The examiner rejected claim 1 under 35 U.S.C. § 102(b) as being anticipated by Japanese 
Publication No. 2002/003 1269 to Toshikazu Fukushima (Toshikazu). But contrary to what the 
examiner states, Toshikazu fails to disclose "in a large corpus, identifying geo-textual 
correlations among readings of the toponyms within the plurality of toponyms," as required by 
the claim. Instead, Toshikazu uses the presence of "co-occurring words" drawn from a look-up 
table to resolve an ambiguity in the meaning of a name. We explain the difference in more 
detail below. 

Before we look at the meaning of "geo-textual correlations," it is important to understand 
what a reading of a toponym is. A reading of a toponym is a location with which the toponym is 
associated, such as a latitude-longitude location or an area. For example, a reading of "Paris" is 
the geographic region associated with Paris, France.
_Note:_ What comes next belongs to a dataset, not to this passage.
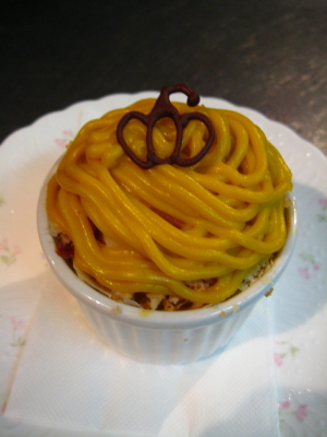 パイと、更にかぼちゃクリームがうにゅーっと乗ってますvv

Many toponyms have more than one 
reading; for example, another reading of Paris is the region associated with the town of Paris, 
Texas. 

According to the instant specification, there is a relationship between a reading of a 
toponym and that toponym' s location in a text: toponyms that have readings that are close to 
each other in space are more likely to be close to each other in a text. This is geo-textual 
correlation . The specification explains this further: 

A technical advance is achieved in the art by exploiting knowledge of a hitherto 
unobserved statistical property of documents, namely geo-textual correlation. By 
inspecting large corpora, we have found that there is a high degree of spatial correlation 
in geographic references that are in textual proximity. This applies not only to points that 
are nearby (such as Madison and Milwaukee), but also to geographic entities that enclose 
or are enclosed by regions (Madison and Wisconsin, for example). More specifically, if 
the textual distance between names N and M is small, and if N has a reading P (i.e., N is 
associated with P or N means P) and M has a reading Q, then the physical distance 
between P and Q is likely to be lower than would be expected randomly. Conversely, if P 
and Q are close geographically, then their names N and M are more likely to appear 
together in texts than would be expected randomly. This correlation between geographic 
and textual distance is considered in estimating of the confidence c(N,P) that a name N 
refers to a particular point P. (page 7, line 17-28, emphasis added) 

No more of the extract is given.